The short-time variances extracted under different frame sizes (\( W = 64,128, \;{\text{and}}\; 512 \)) are demonstrated in Fig. 2. From Fig. 2 one can observe that a proper frame size is the crucial factor for the successful MA detection. A small frame size can cause the variance feature sequence to be so spiky that many false positives would occur. On the other hand, a large frame size can over-smooth the feature sequence and make the detected MA intervals wider than they should be. The kurtosis measure optimization given by Eq. (6) leads to the optimal frame size \( W = 128 \) for this case, which coincides with our conclusion from Fig. 2. The effect of the frame size \( W \) on the number of change points corresponding to the detected MAs in comparison with the ground truth is shown in Fig. 3.

Fig. 2
figure 2

a The variance sequence \( V_{w,\varDelta } \left( k \right) \) for \( W = 64 \) and \( {\Delta } = 2 \). Note that \( V_{w,\varDelta } \left( k \right) \) is too spiky so the detector could encounter many false positives. b The variance sequence \( V_{w,\varDelta } \left( k \right) \) for \( W = 128 \) and \( {\Delta } = 2 \). Note that \( V_{w,\varDelta } \left( k \right) \) seems to satisfy both smoothness and compact-duration requirements. c The variance sequence \( V_{w,\varDelta } \left( k \right) \) for \( W = 512 \) and \( {\Delta } = 2 \). Note that the feature durations are not concentrated (compact) enough

Fig. 3
figure 3

The effect of the frame size on the number of detected change points. The red horizontal line illustrates the ground truth: 14 change points. (Color figure online)

One can see from Fig. 3 that the MA detection accuracy would not be good when the frame size is either too small or too large. This phenomenon coincides with the discussion in the section of Automatic Frame-Size Determination above. The complete MA detection result for the aforementioned PPG signal is shown in Fig. 4. Figure 4 demonstrates the effectiveness of our proposed new scheme for detecting abrupt MAs in the PPG signal.

Fig. 4
figure 4

The MA detection for a PPG signal. The PPG signal was measured on the fingertip of the subject when the subject moved the finger randomly. The red vertical lines indicate the starting times of the MAs while the green vertical lines manifest the terminal times of the MAs. (Color figure online)

As a potential application for our proposed MA tailoring algorithm, the heart-rate tracking was also performed thereupon. First, the MA corrupted signal was tailored using our method. Whenever the HR tracking algorithm (peak-to-peak time-difference estimation according to [12]) encounters the “tailored samples” with an infinity value, the HR measure will stop updating. The HR tracking error-percentages were computed for three different subjects, each calculated from around 10 min of data. Table 1 lists the corresponding results, where “Raw”, “Our Method”, and “TROIKA” denote the unprocessed raw signal data, the tailored signal using our proposed method, and the processed data using the TROIKA method in [11]. It is evident that our proposed new approach greatly outperforms the TROIKA method.

Table 1 The average heart-rate error-percentage (%) comparison

4 Conclusion

The detection and removal of the motion artifacts in a PPG signal is crucial for many signal processing applications.
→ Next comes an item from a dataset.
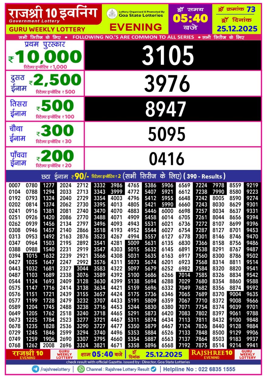 Rajshree 10 Evening lottery 05.40 PM 25.12.2025 25.12.2025 Leave a Comment on Rajshree 10 Evening lottery 05.40 PM 25.12.2025 Share: XFacebookPinterestLinkedin

Existing techniques are often designed to deal with the MAs caused by the subject’s running or jogging. In this paper, a novel MA detection method built upon the automatic frame-size determination is proposed to tailor the PPG signals containing abrupt MAs. The proposed MA tailoring scheme has demonstrated the effectiveness via real experiments and can be applied for robust heart-rate or blood-oxygen-level measurements, since it can preserve the original waveform structure of the PPG signal but other existing methods fail to do so.